Rapid growth in real earnings is down to very low UK inflation rate, it may take over 3 years to return to 2007 level of earnings
According to data released this morning, earnings growth remained strong in the three months to August at 2.8% in nominal terms. This is a continuation of a strong year of earnings recovery, hopefully putting an end to the worst slump in real earnings since at least 1855.
What does the chart show?
The chart below from the Economic Research Council (ERC) shows the UK average annual earnings since 1855, adjusted by the Consumer Price Index to reflect 2015 prices. Up to 2009 this is based on the Average Earnings Index compiled by the Bank of England from a number of different sources. After 2009, we have used the Office for National Statistics' data on Average Weekly Earnings. The figure for 2015 is an estimation based on the 8 months of data up to August that we have so far.

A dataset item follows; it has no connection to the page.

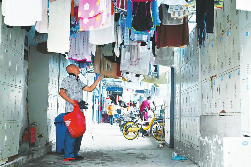 5月28日,游泳场内的存物柜上方挂满了长期游泳人的浴巾和游泳衣物,这里就是游泳人之家。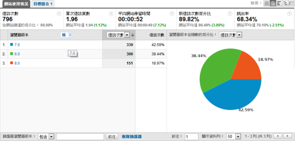 還是使用I.E.來瀏覽的人為最多。不過慶幸的是萬惡的I.E.6 比較少人在用了,大多是以I.E.7為主。

Why is the chart interesting?
Last year we reported that the 2007-2014 fall in real earnings was the worst since records began. Thankfully, 2015 has so far seen a remarkable turnaround in earnings growth, with real average earnings forecast to grow by more than 2% year-on-year. This would be the fastest growth since 2004, and well above the 160 year average of 1.4% (although below the average growth rate between 1975 and 2007). At this rate, earnings would surpass the previous peak in 2018 in real terms.
However, the current rapid real growth rate is partly due to the very low rate of inflation that the UK (and most other advanced economies) is experiencing. When inflation rates return to more normal levels, nominal earnings growth rates will also have to rise to maintain reasonable real growth. It is likely that it may take longer than three years to return to the level of earnings the UK enjoyed in 2007.